Exercise:
Without the images, write out all of the following entries exactly.

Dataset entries
/---

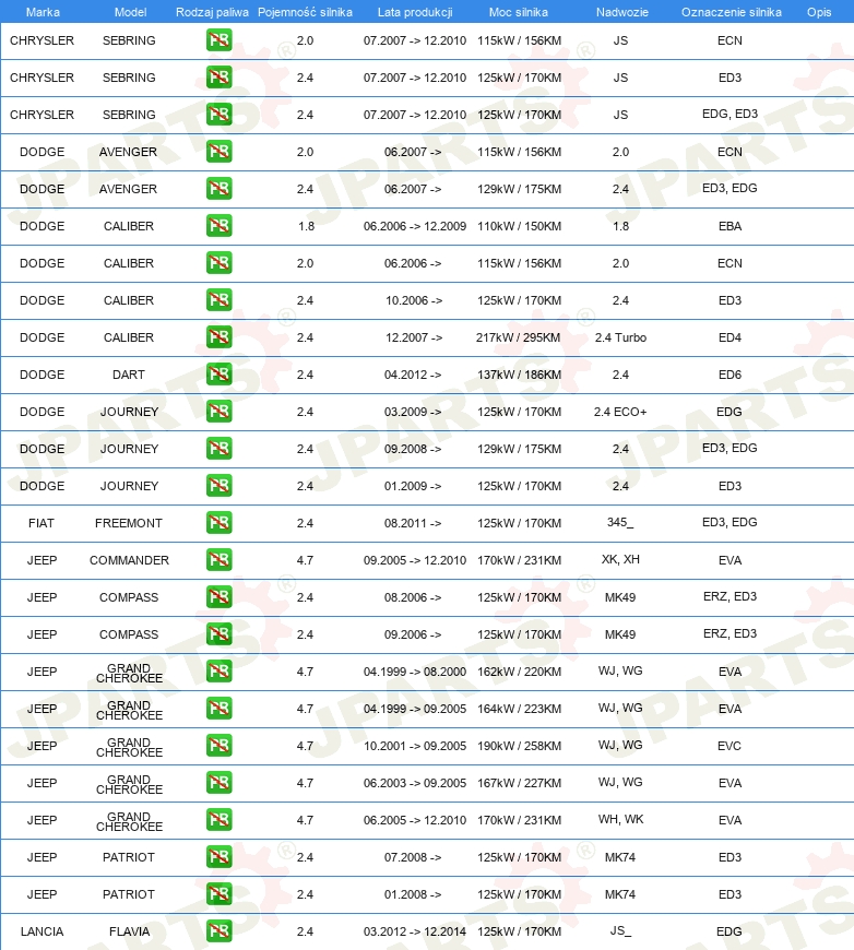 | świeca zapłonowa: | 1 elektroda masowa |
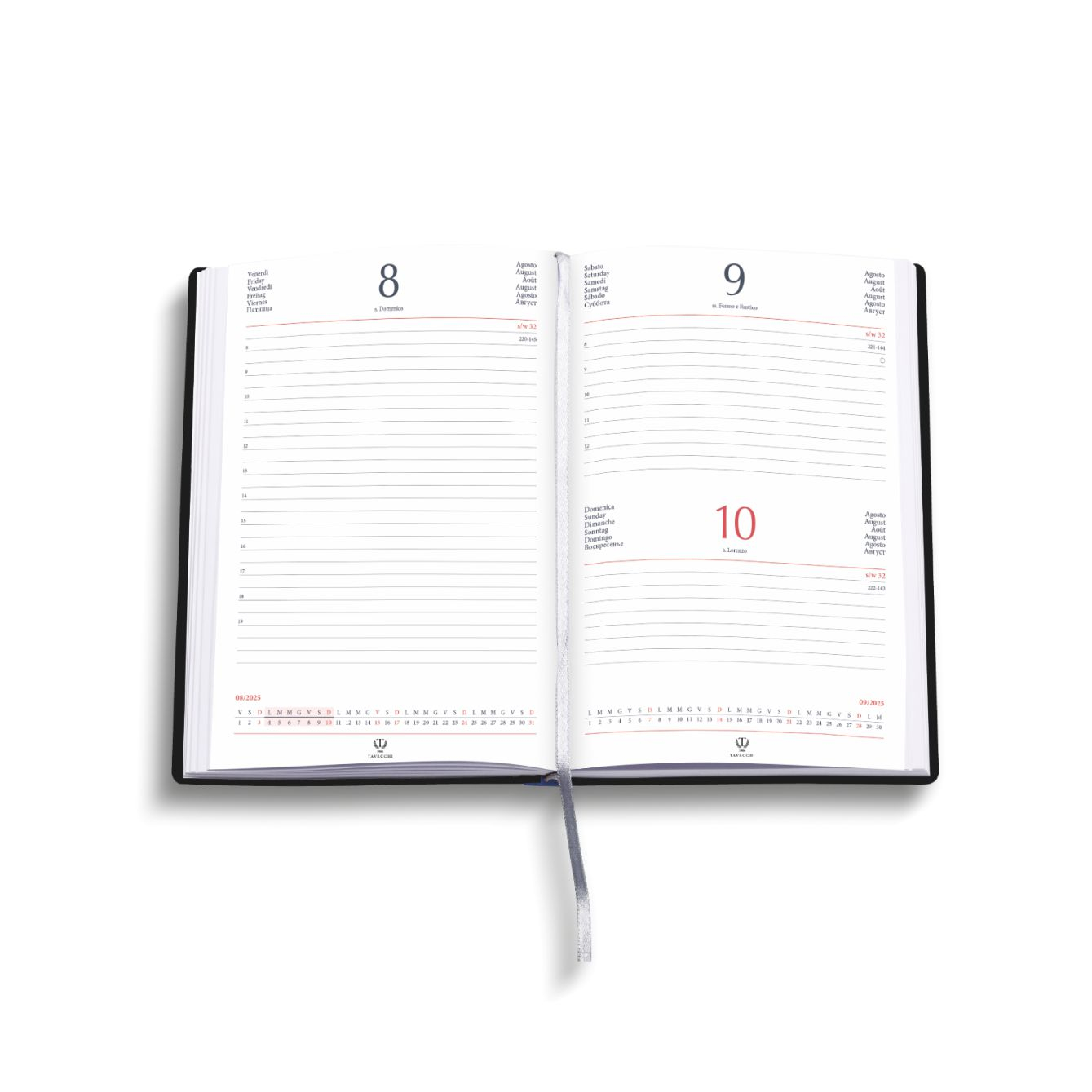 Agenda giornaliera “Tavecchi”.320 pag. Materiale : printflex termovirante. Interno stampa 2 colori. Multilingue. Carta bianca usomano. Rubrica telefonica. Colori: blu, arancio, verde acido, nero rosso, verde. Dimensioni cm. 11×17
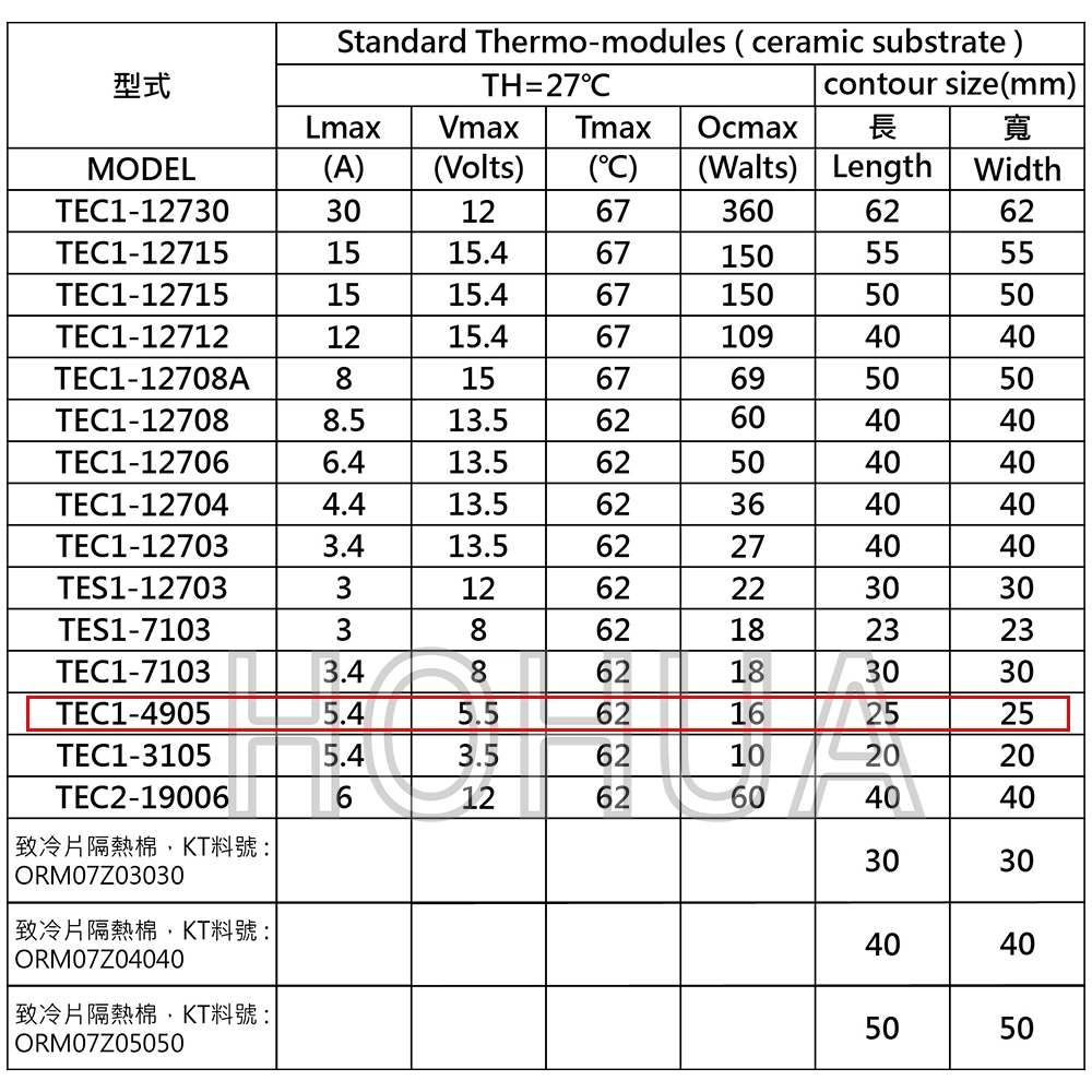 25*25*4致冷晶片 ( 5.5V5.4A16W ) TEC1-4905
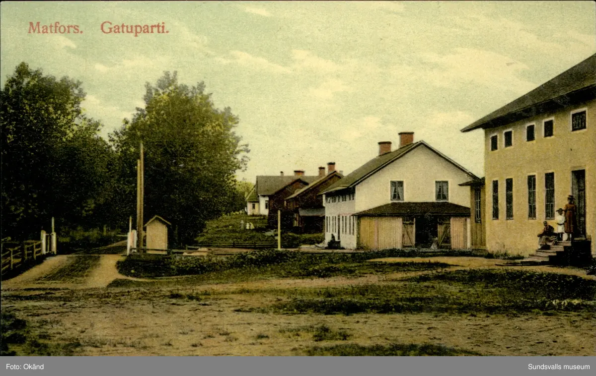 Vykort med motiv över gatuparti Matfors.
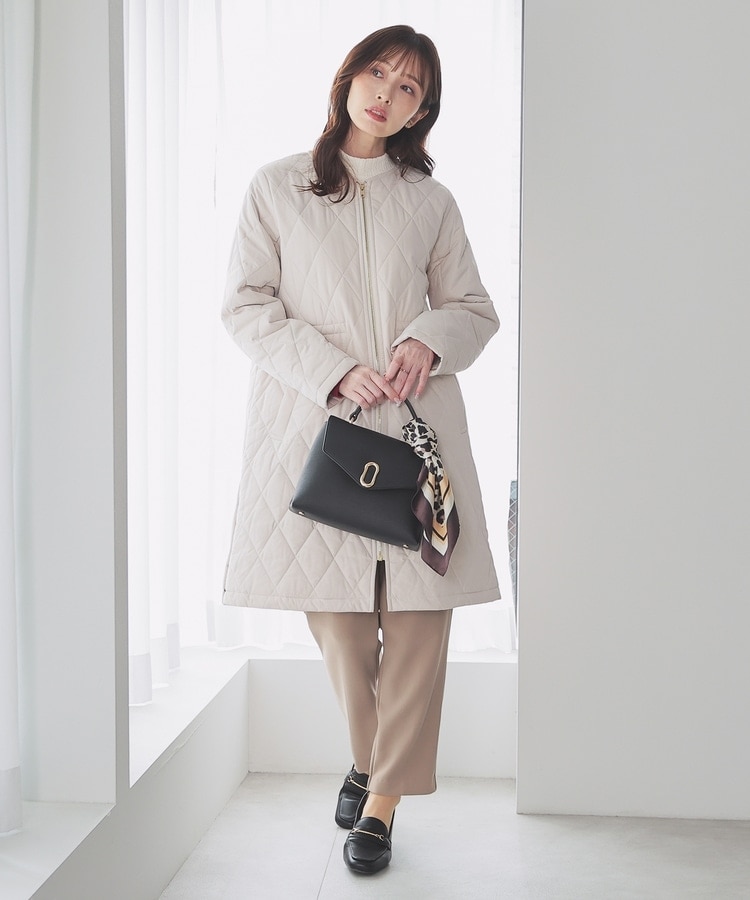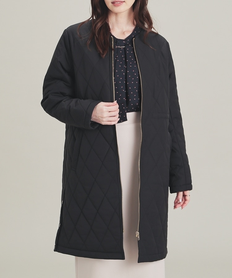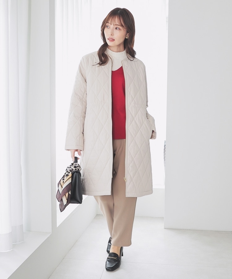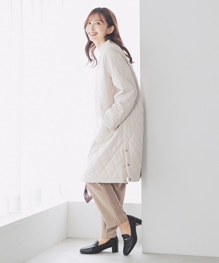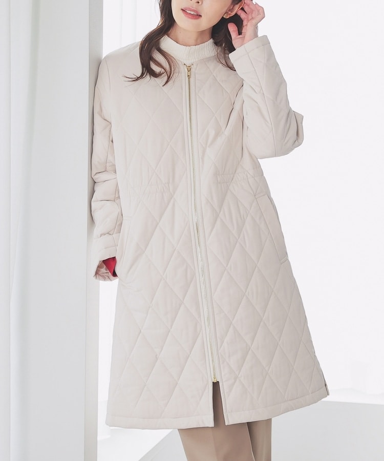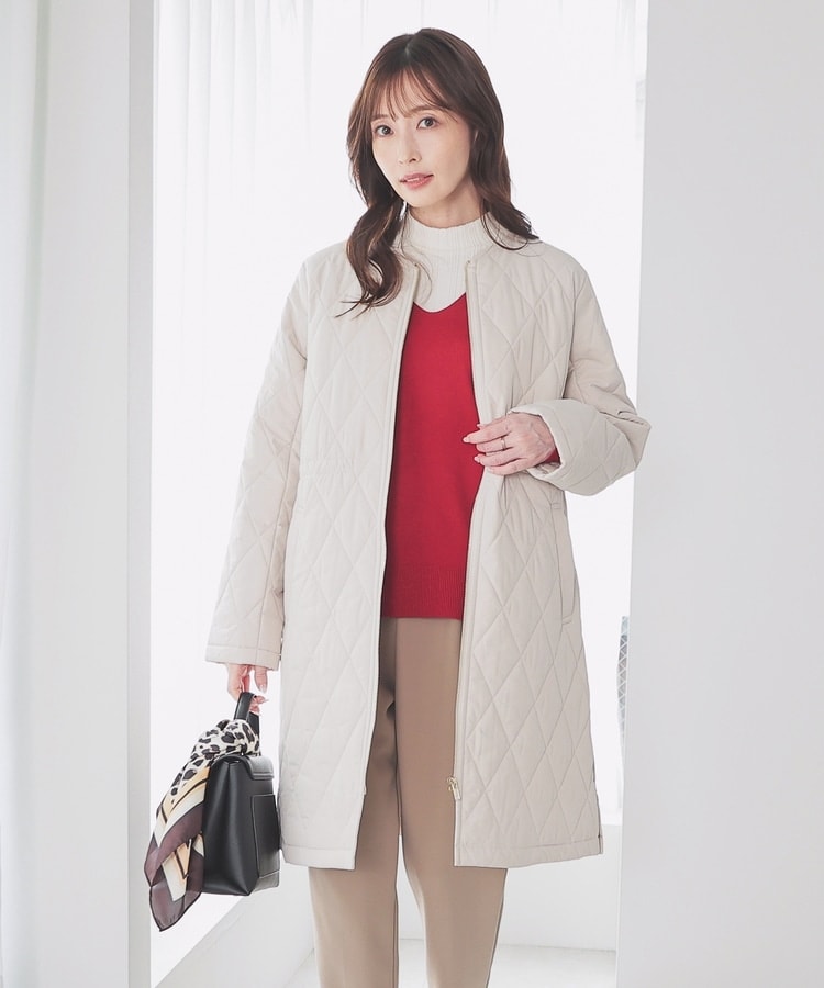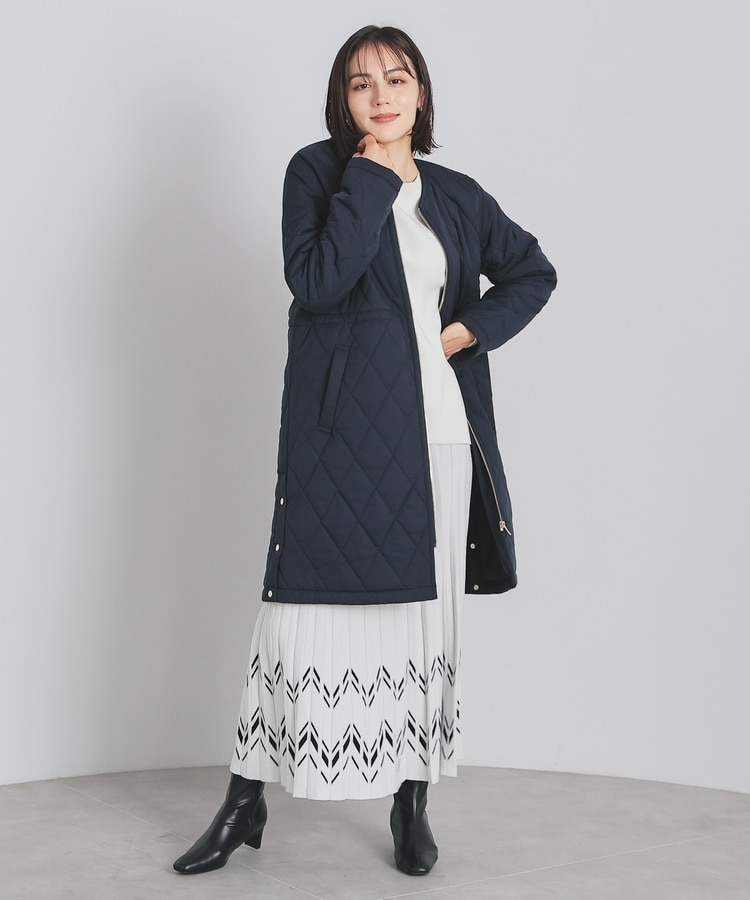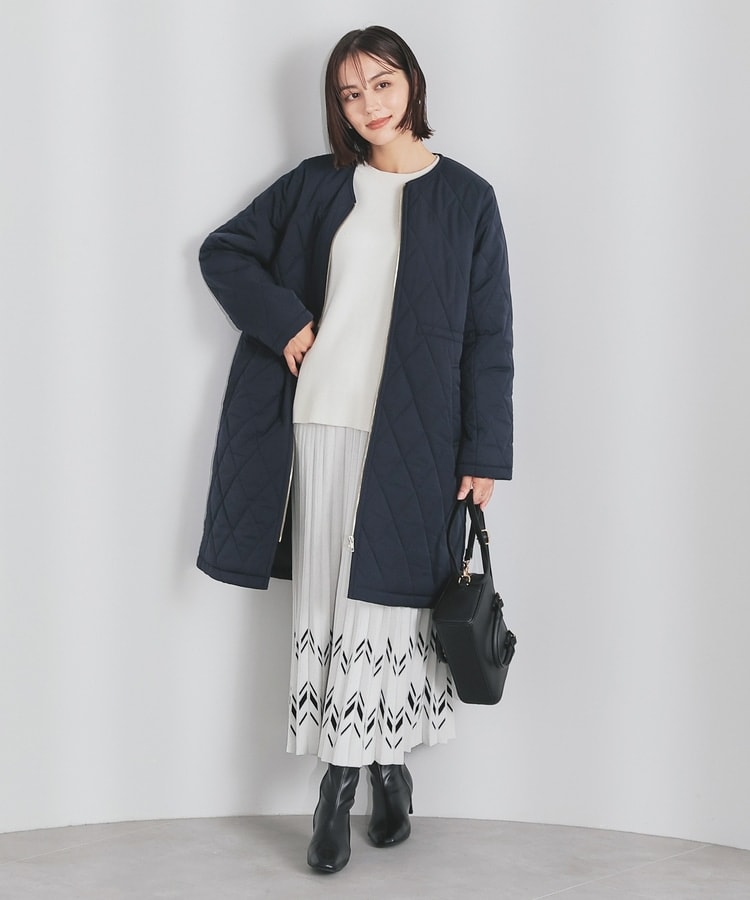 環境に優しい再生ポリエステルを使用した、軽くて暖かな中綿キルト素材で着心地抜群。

\---

Reply to the exercise:
 | świeca zapłonowa: | 1 elektroda masowa |
 Agenda giornaliera “Tavecchi”.320 pag. Materiale : printflex termovirante. Interno stampa 2 colori. Multilingue. Carta bianca usomano. Rubrica telefonica. Colori: blu, arancio, verde acido, nero rosso, verde. Dimensioni cm. 11×17
 25*25*4致冷晶片 ( 5.5V5.4A16W ) TEC1-4905
 Vykort med motiv över gatuparti Matfors.
 環境に優しい再生ポリエステルを使用した、軽くて暖かな中綿キルト素材で着心地抜群。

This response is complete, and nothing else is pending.